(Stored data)
-- Opening Marker --

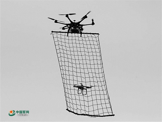 图为无人机捕捉网在捕捉目标。
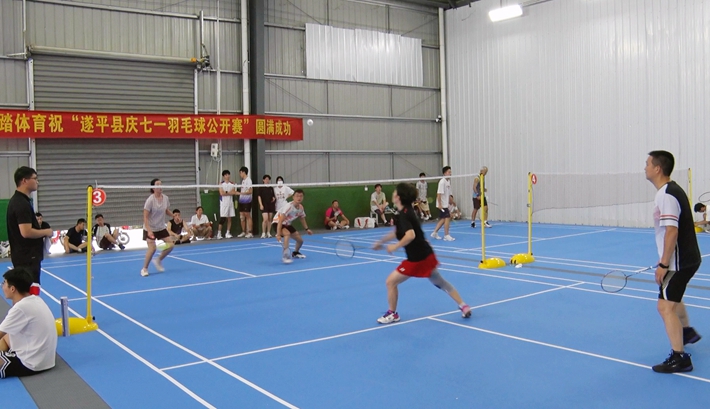 7月20日至21日,全市羽毛球巡回赛遂平县公开赛在宸域(遂平)实业有限公司举行。来自社会各界的22支球队、数百名羽毛球爱好者参加比赛。本次赛事活动由遂平县卫健体委主办,市羽毛球比赛组委会、昌盛文化传播有限公司、新闻广告有限公司、鑫博广告有限公司和遂平羽众不同
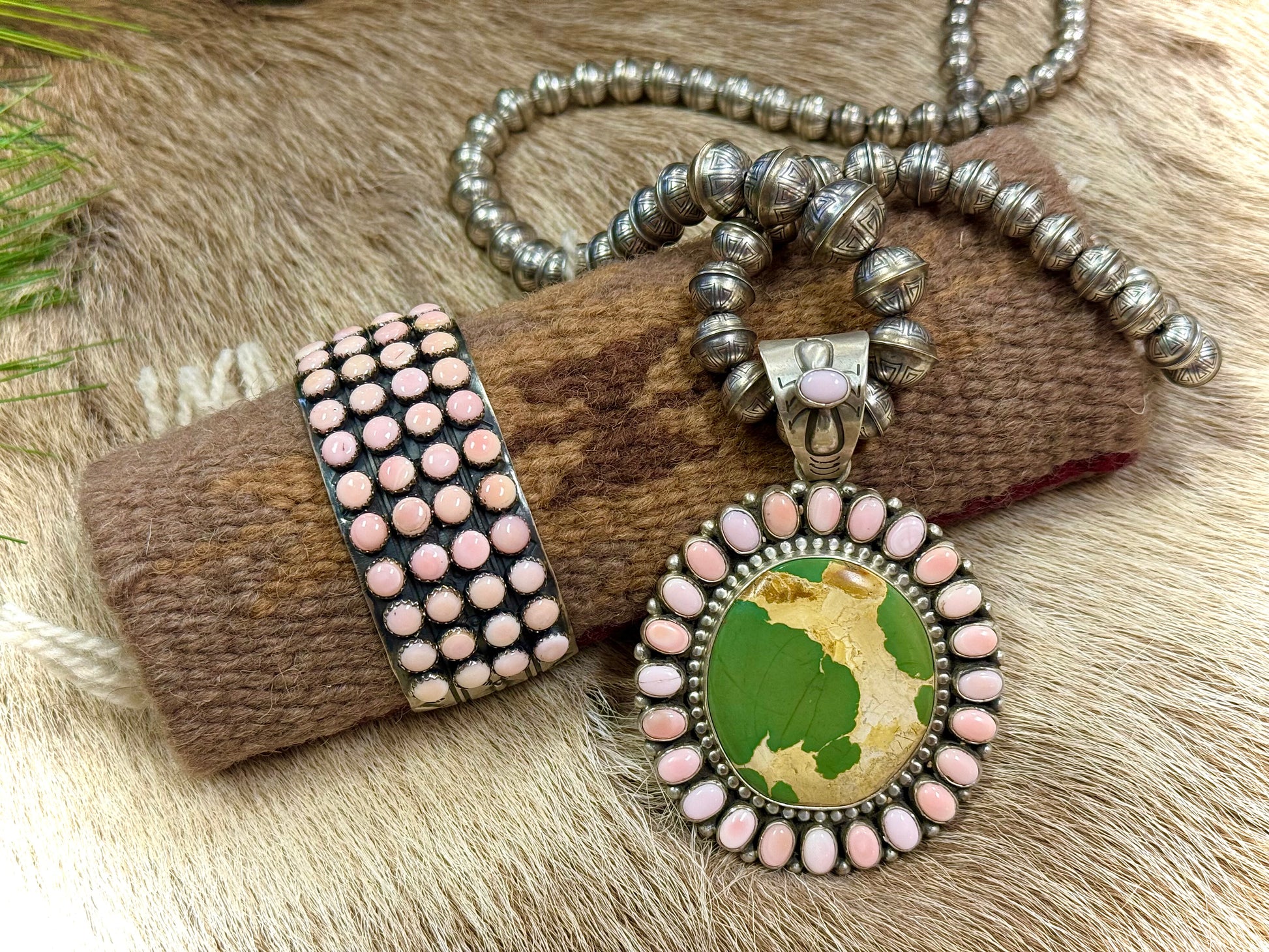 Rare Green Royston Turquoise & Pink Conch Pendant
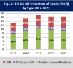 By way of comparison, the EIA is projecting that, for 2020, annual production on land[1] (Alaska and the Lower 48 states) will be 9.4 mb/d, down by 1 mb/d (-9 %) in one year. Total annual production, including NGL and Gulf of Mexico (GOM) output, is expected to be 16.2 mb/d, down by 0.8 mb/d (-5%) in one year. In 2020, shale oil has accounted for 58% of U.S. liquid hydrocarbon output, oil from the Gulf of Mexico 12% and natural gas liquids (NGL) 31%. For 2021, the EIA expects that the total U.S. NGL output will remain virtually stable, registering a decrease of 0.25 mb/d that will be offset to a large extent by offshore production in the Gulf of Mexico.
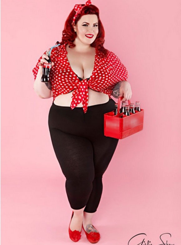 | Nàng mẫu "béo" Velvet d'Amour có thân hình đồng hồ cát trở nên nổi tiếng khi được Jean Paul Gaultier mời tham gia catwalk vào show diễn xuân hè 2007 tại Paris. Cô đang sở hữu tạp chí VOL*UP*2 - khuyến khích độc giả tự chỉ ra điểm khiếm khuyết và phô diễn những phần đẹp nhất trên cơ thể. |
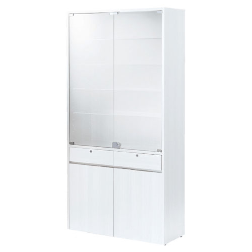 ●サイズ:W90×D35×H180cm●棚:透明ガラス5mm厚 内寸:収納部分上部W86×D31.5×H107cm下部W86×D31.5×H52cm(2段) 引き出しW37×D29×H7.5cm コード:2m●素材・加工:プリント紙化粧合板●重量:54kg●耐荷重:3kg/段●納期について:別送のため多少お時間がかかります。
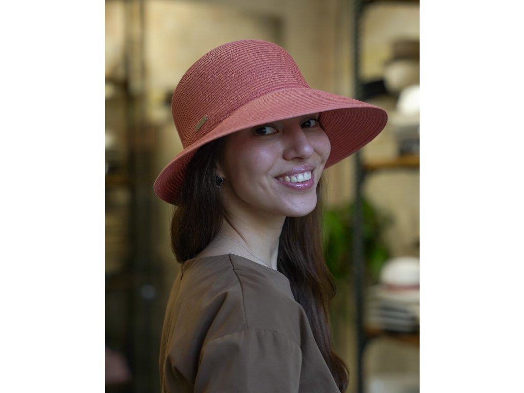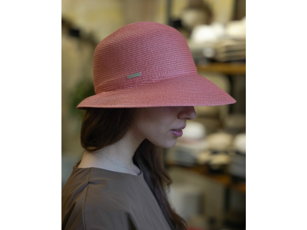 Letný dámsky nemačkavý ružový klobúk - cloche so skrátenou krempou vzadu - UV faktor 80
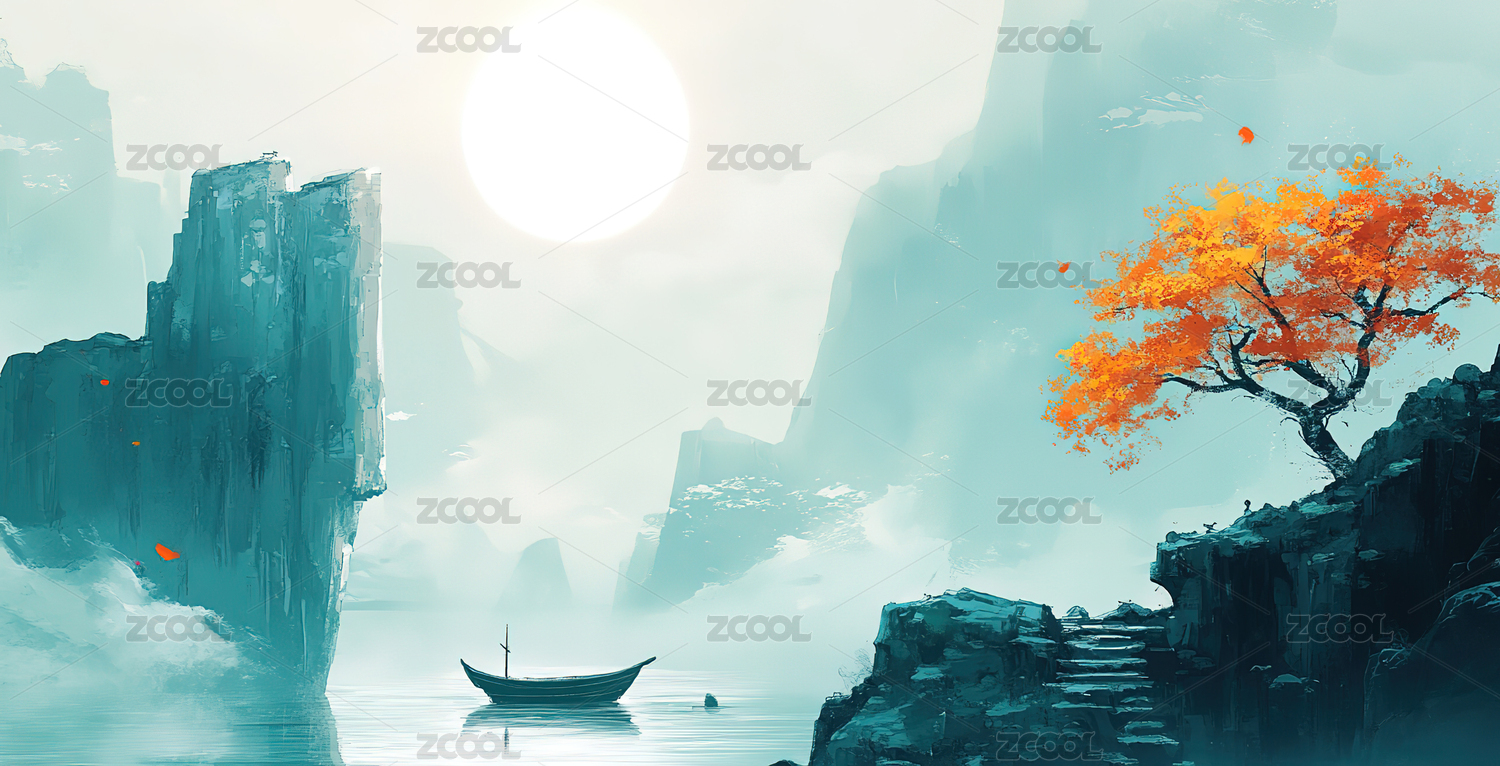 国风自然山水水墨画
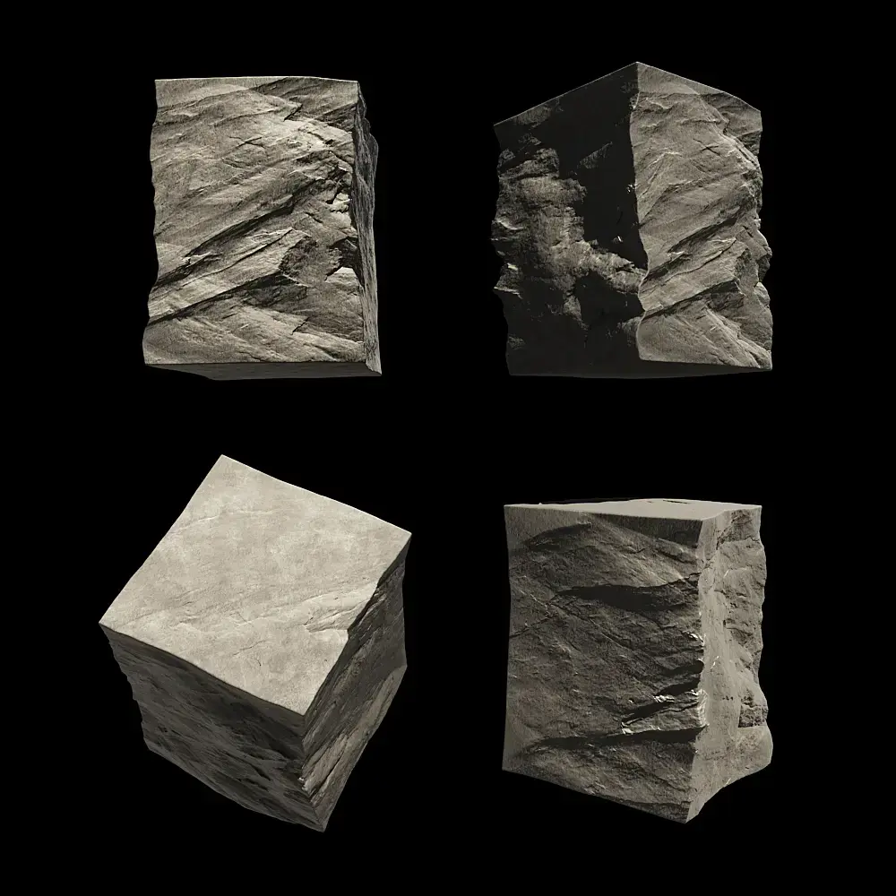 в софте для скульпта такое легко делается, просто нужно найти кисти скал, пару кликов и все

-- Closing Marker --

- _WHAT YOU WILL DO_
The lines to reproduce run from the line containing "7月20日至21日,全市羽毛" through the last line of the records above, both included. Copy them exactly and drop the pictures.

- _TASK OUTPUT_
 7月20日至21日,全市羽毛球巡回赛遂平县公开赛在宸域(遂平)实业有限公司举行。来自社会各界的22支球队、数百名羽毛球爱好者参加比赛。本次赛事活动由遂平县卫健体委主办,市羽毛球比赛组委会、昌盛文化传播有限公司、新闻广告有限公司、鑫博广告有限公司和遂平羽众不同
 Rare Green Royston Turquoise & Pink Conch Pendant
 By way of comparison, the EIA is projecting that, for 2020, annual production on land[1] (Alaska and the Lower 48 states) will be 9.4 mb/d, down by 1 mb/d (-9 %) in one year. Total annual production, including NGL and Gulf of Mexico (GOM) output, is expected to be 16.2 mb/d, down by 0.8 mb/d (-5%) in one year. In 2020, shale oil has accounted for 58% of U.S. liquid hydrocarbon output, oil from the Gulf of Mexico 12% and natural gas liquids (NGL) 31%. For 2021, the EIA expects that the total U.S. NGL output will remain virtually stable, registering a decrease of 0.25 mb/d that will be offset to a large extent by offshore production in the Gulf of Mexico.
 | Nàng mẫu "béo" Velvet d'Amour có thân hình đồng hồ cát trở nên nổi tiếng khi được Jean Paul Gaultier mời tham gia catwalk vào show diễn xuân hè 2007 tại Paris. Cô đang sở hữu tạp chí VOL*UP*2 - khuyến khích độc giả tự chỉ ra điểm khiếm khuyết và phô diễn những phần đẹp nhất trên cơ thể. |
 ●サイズ:W90×D35×H180cm●棚:透明ガラス5mm厚 内寸:収納部分上部W86×D31.5×H107cm下部W86×D31.5×H52cm(2段) 引き出しW37×D29×H7.5cm コード:2m●素材・加工:プリント紙化粧合板●重量:54kg●耐荷重:3kg/段●納期について:別送のため多少お時間がかかります。
 Letný dámsky nemačkavý ružový klobúk - cloche so skrátenou krempou vzadu - UV faktor 80
 国风自然山水水墨画
 в софте для скульпта такое легко делается, просто нужно найти кисти скал, пару кликов и все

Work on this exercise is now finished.